With 2,000 signatures, Pauling asked President Eisenhower for a meeting.  He was refused.  The following winter, the Paulings presented the petition, signed by 11,000 scientists in 50 countries, to U.N. Secretary Dag Hammarskjold.  That year, Pauling published No More War!

“A new type of thinking is essential if mankind is to survive,” Pauling wrote.  The U.N., he said, should establish a World Peace Research Organization.  The president’s cabinet should have a Secretary for Peace budgeted at ten percent of the Pentagon’s billions.

In 1960, a Senate subcommittee grilled Pauling, calling him “the number one scientific name in virtually every major activity of the Communist peace offensive in this country." Pauling stood his ground.  He was no Communist, he testified, merely a concerned scientist.  “In my actions about social and political questions and the great question of preventing war and preserving the peace in the world I have served no one but the whole of humanity.”

More protests and petitions.  Personal letters to Kennedy and Khrushchev, even to Jackie Kennedy.  “Your children, along with all the other children in the world, are laying down in their bones, along with the calcium, Strontium 90.  If more bombs are tested, the Strontium 90 will increase.”

When other scientists lost hope, Pauling continued “because I had to retain the respect of my wife.”  And on October 10, 1963, the world awoke to a new dawn.  A Partial Nuclear Test Ban Treaty banned atmospheric testing.  That afternoon, a call came from Norway.  Pauling had won a second Nobel — for peace.  Grateful for the honor, he said he wished his wife could share it.
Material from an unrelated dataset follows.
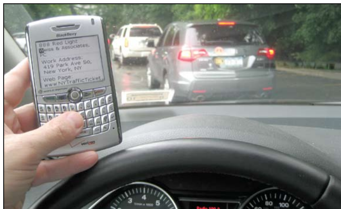
En Estados Unidos ya son 18 estados en los que se han aprobado leyes (algunas aún no entran en vigor) para prohibir por completo los mensajes de texto al conducir

The Peace Prize, Pauling said, meant more than his Nobel for chemistry “because it means there is a feeling that i have been doing my duty to my fellow human beings.”  Hardliners sneered at this award to “a placarding peacenik,” but Pauling leveraged it into more influence.

Throughout Vietnam, on into the 1980s, Pauling and his wife remained on the front lines of peace.  After Ava Helen died, Pauling marched on alone.  Letters to Reagan, Andropov, and after the Gulf War began, to President Bush.  “FIGHT AGAINST THE IMMORALITY AND BARBARISM OF WAR!”

Throughout his work, Pauling credited Ava Helen.  “I'm sure that if I had not married her, I would not have had this aspect of my career -- working for world peace.”

Pauling died in 1994.  He is buried in Oregon beside his wife.  Let their epitaph be the New York Times comment on Pauling’s second Nobel:  “While others have spoken for nations, ideologies, and above all, power, Linus Pauling spoke for Man.  If the human race is to be spared the ultimate holocaust, it too will speak, and for a long time to come, of Linus Pauling.”  And of his wife.